The Founding of Rome:

The legend of the founding of Rome comes from Virgil’s Aeneid, the classical Roman text of 19 BCE. Virgil’s character, Aeneas, the heroic and sole survivor of Troy, had a passionate affair with Carthage’s Phoenician queen and founder Dido (despite the fact that the story of Troy and the founding of Carthage were centuries apart). According to the legend, Aeneas founded a town in Latium that would become Carthage’s rival city, Rome. Supposedly, Aeneas’ descendents in the Italian peninsula, the twin bothers Romulus and Remus, were abandoned by their mother and brought up and suckled by a wolf. These twins founded the city of Rome, but Romulus killed his twin brother Remus. The mythology of Romulus and Remus continues to be visible in Roman culture.

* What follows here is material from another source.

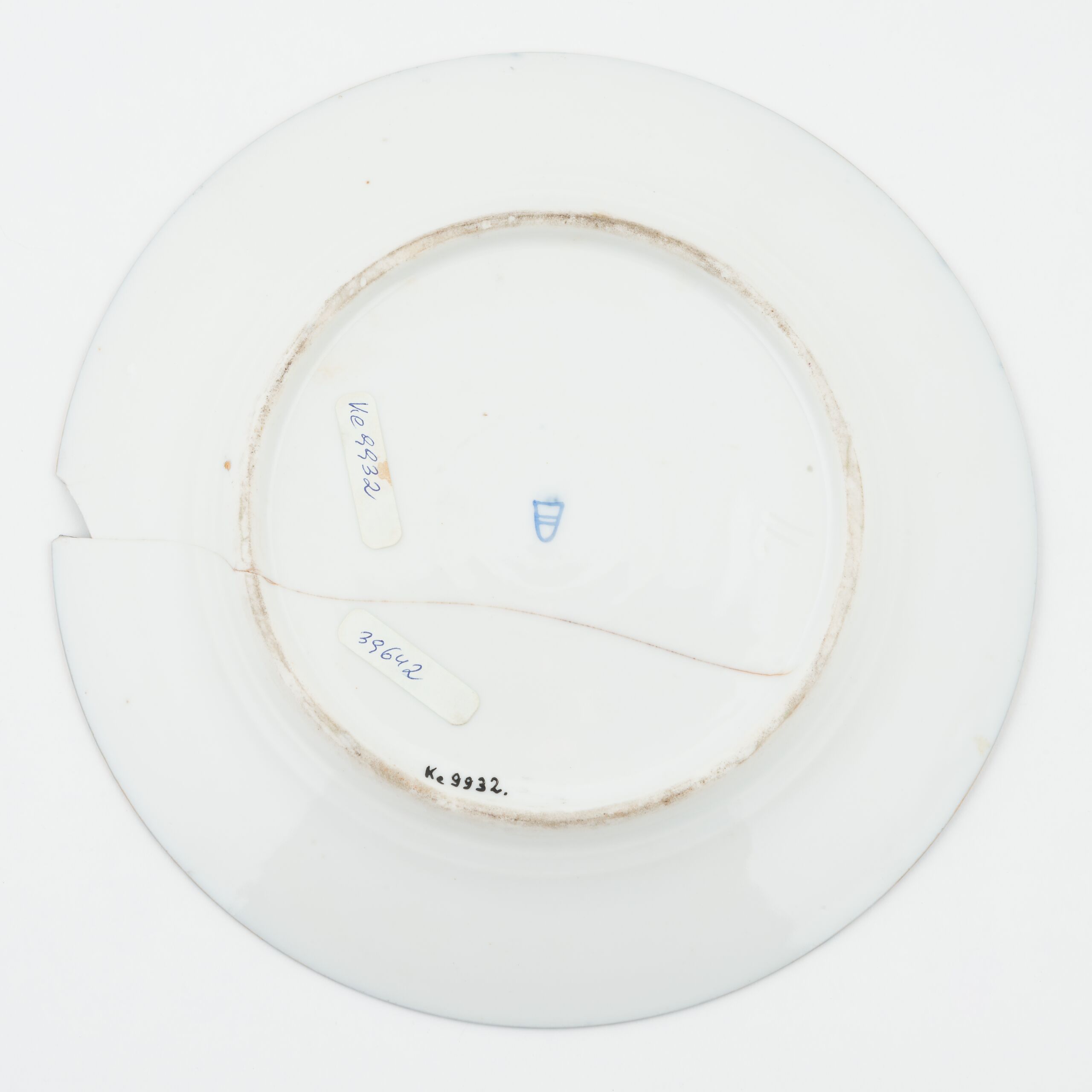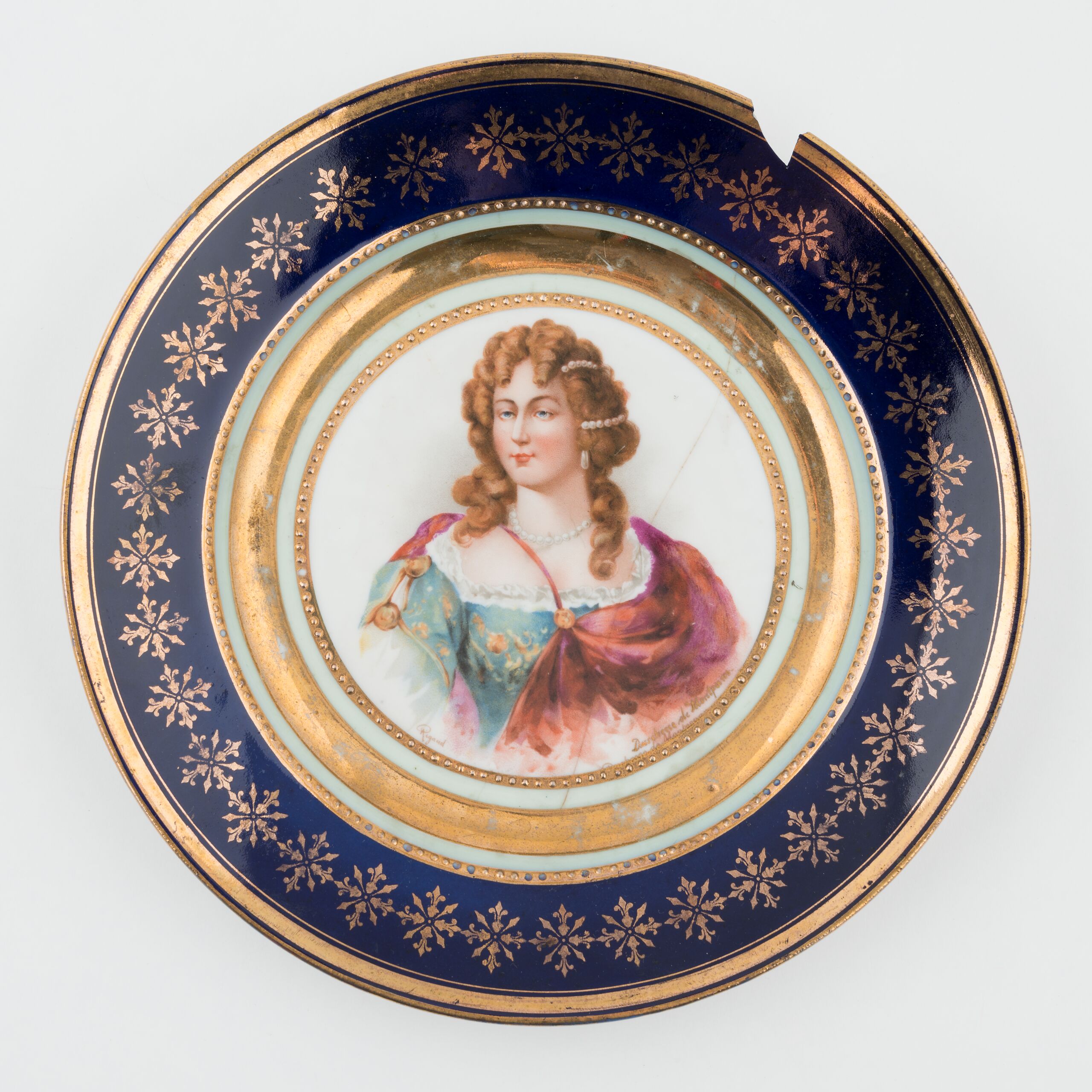 Teller mit Goldrändern, Kobaltblauer Fahne mit goldener Sternenbordüre, in der Kehle und am Spiegel goldfarbene Reliefperlenbordüre, Kehle mit breitem Goldrand, im Spiegel Abziehbild der Durchesse de Montpans bez. "Rigaud"
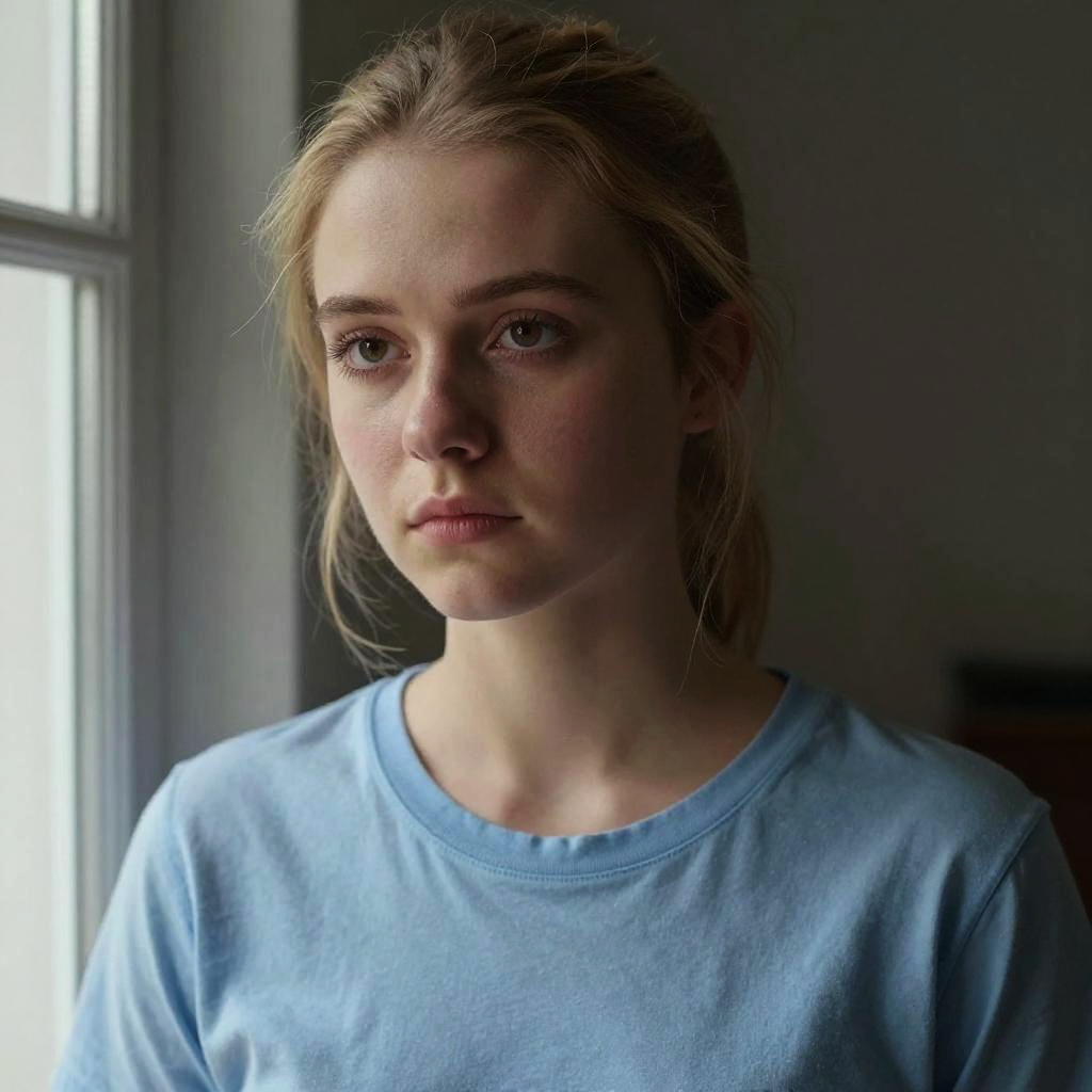 Photograph of a close-up of a young Caucasian woman with fair skin and blonde hair, styled in a casual, slightly messy manner. She has light green eyes, subtle eyeliner, and natural pink lips. Her eyebrows are slightly arched and her expression is a gentle, slight smile. The background is blurred, with indistinct dark and muted colors, suggesting an indoor setting. The lighting is soft, highlighting her facial features and creating a gentle, natural glow on her skin. The image has a realistic, cinematic feel.

More likely, the city of Rome developed in the 7th and 6th centuries BCE from several settled Latin tribes spread over seven hills. It was ruled by Etruscan kings until around 500 BCE when the kings were overthrown by the Latin tribes who become known as Romans. These Romans replaced the Etruscan monarchy with a Roman republic. The republic was governed by the Senate (a council of elder statesmen and leaders of clans) along with two elected officials called consuls. Around the same time, Rome defeated the neighboring tribes and gradually expanded through Italy. In the Latin war the Romans crushed a rebellion of Latin tribes and incorporated them into a pro-Roman league. The Romans also overran the Greek-influenced civilization of the Etruscans.

The Etruscans had come to central Italy around 1000 BCE (and probably came, like the Minoans, from somewhere in Asia Minor (Turkey)). It was the Etruscans who brought the first city-state organization to the Italian peninsula that was inhabited by Iron Age peoples. Under the Etruscans Rome became a sizable city, an important center of trade and power in that part of Italy. The Etruscans are perhaps most famous for their pottery. The Greek-influenced Etruscans are also known for having taught the Romans about building as well as reading and writing. The Etruscans had learned to read and write (with the Phoenician alphabet) from Greek colonies in southern Italy and Sicily. However, by 500 BCE Etruscan sovereignty over central Italy was on its way out, as Rome would absorb Etruria and later the Greek colonies in southern Italy.

By the end of the 3rd century, with the conquest of the neighboring Latin tribes, the Etruscans, and the Greek colonies, the Romans now had control of the entire Italian peninsula. Rome strengthened its grip on the region by founding Roman colonies and encouraging their Latin allies to do the same. The Romans conjoined these colonies by a system of roads beginning in the 4th century BCE and greatly extended this network of roads in the 2nd century BCE.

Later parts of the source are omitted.